- EXERCISE BRIEF: The response should consist of every line below, restated exactly, with no pictures.

- DATA PROVIDED:
=== Section Start ===

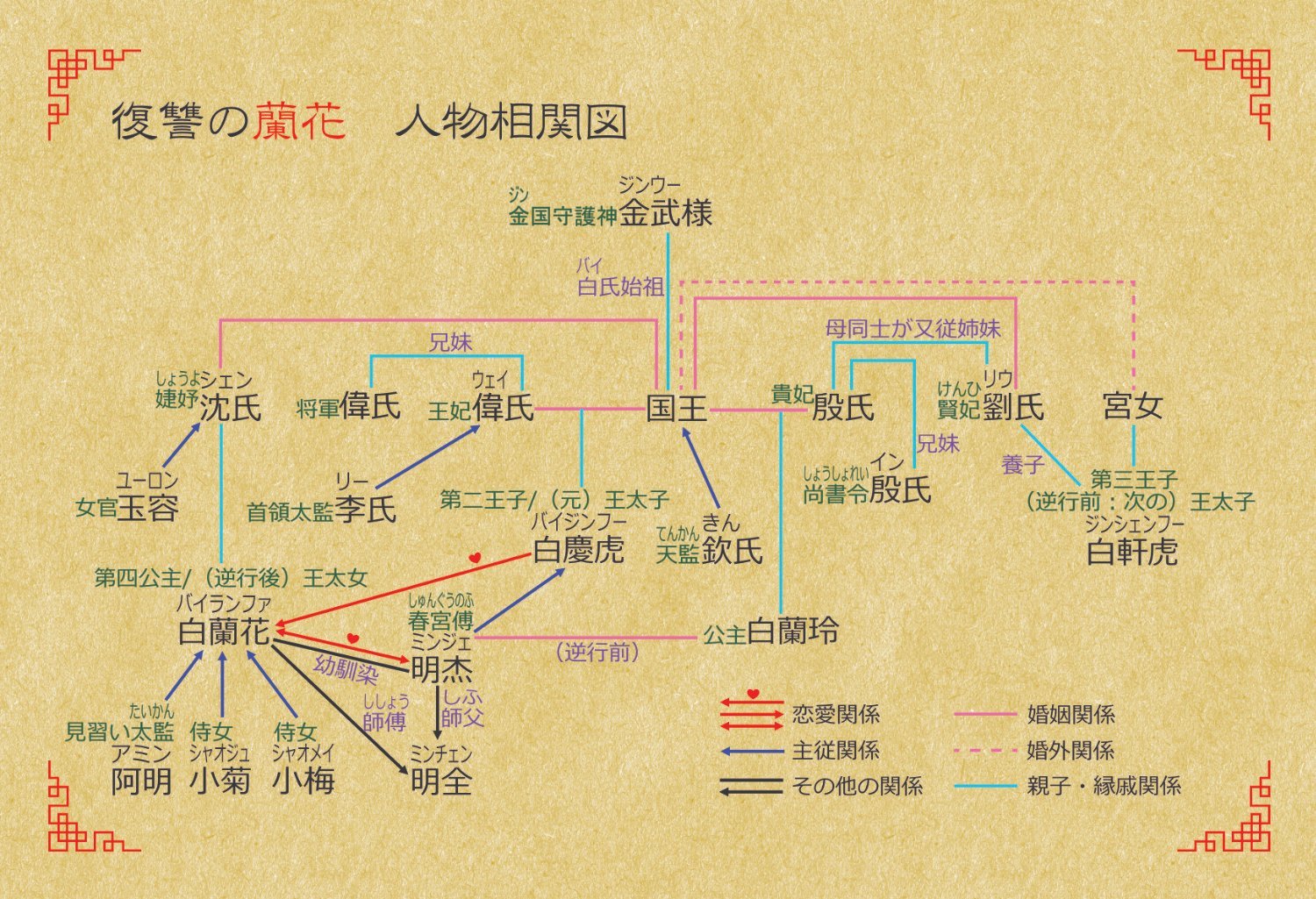 そしてとてもありがたいことに、現在連載中の中華風ファンタジー作品『復讐の蘭花』にも触れて下さっており、なななんと!!登場人物の相関図を作成して下さいました……!!(感動)
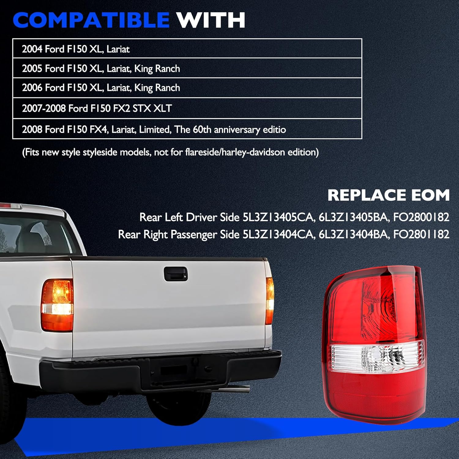 • Precise Compatibility - The rear tail lights pair precisely compatible with 2004-2008 Ford F150/XL/XLT/FX2/FX4/STX/Lariat/Limited/King Ranch/The 60th Anniversary Editio
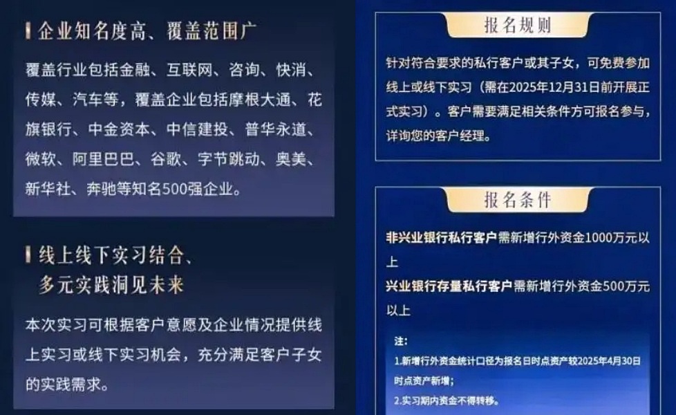 同行の「2025精英インターン計画」によれば、新規で1千万元(約2億円)以上の預金、あるいは既存顧客で500万元(約1億円)以上を追加で預け入れた顧客の子どもに対し、海外の名門企業でのインターンシップが「優先的に」提供されるという。対象となる企業にはGoogle、マイクロソフト、JPモルガン、中金資本、バイトダンスなどの名が挙がっている。なお、インターン期間中の資金移動は禁止されている。

=== Section End ===

- OUTPUT FOR THIS TASK:
 そしてとてもありがたいことに、現在連載中の中華風ファンタジー作品『復讐の蘭花』にも触れて下さっており、なななんと!!登場人物の相関図を作成して下さいました……!!(感動)
 • Precise Compatibility - The rear tail lights pair precisely compatible with 2004-2008 Ford F150/XL/XLT/FX2/FX4/STX/Lariat/Limited/King Ranch/The 60th Anniversary Editio
 同行の「2025精英インターン計画」によれば、新規で1千万元(約2億円)以上の預金、あるいは既存顧客で500万元(約1億円)以上を追加で預け入れた顧客の子どもに対し、海外の名門企業でのインターンシップが「優先的に」提供されるという。対象となる企業にはGoogle、マイクロソフト、JPモルガン、中金資本、バイトダンスなどの名が挙がっている。なお、インターン期間中の資金移動は禁止されている。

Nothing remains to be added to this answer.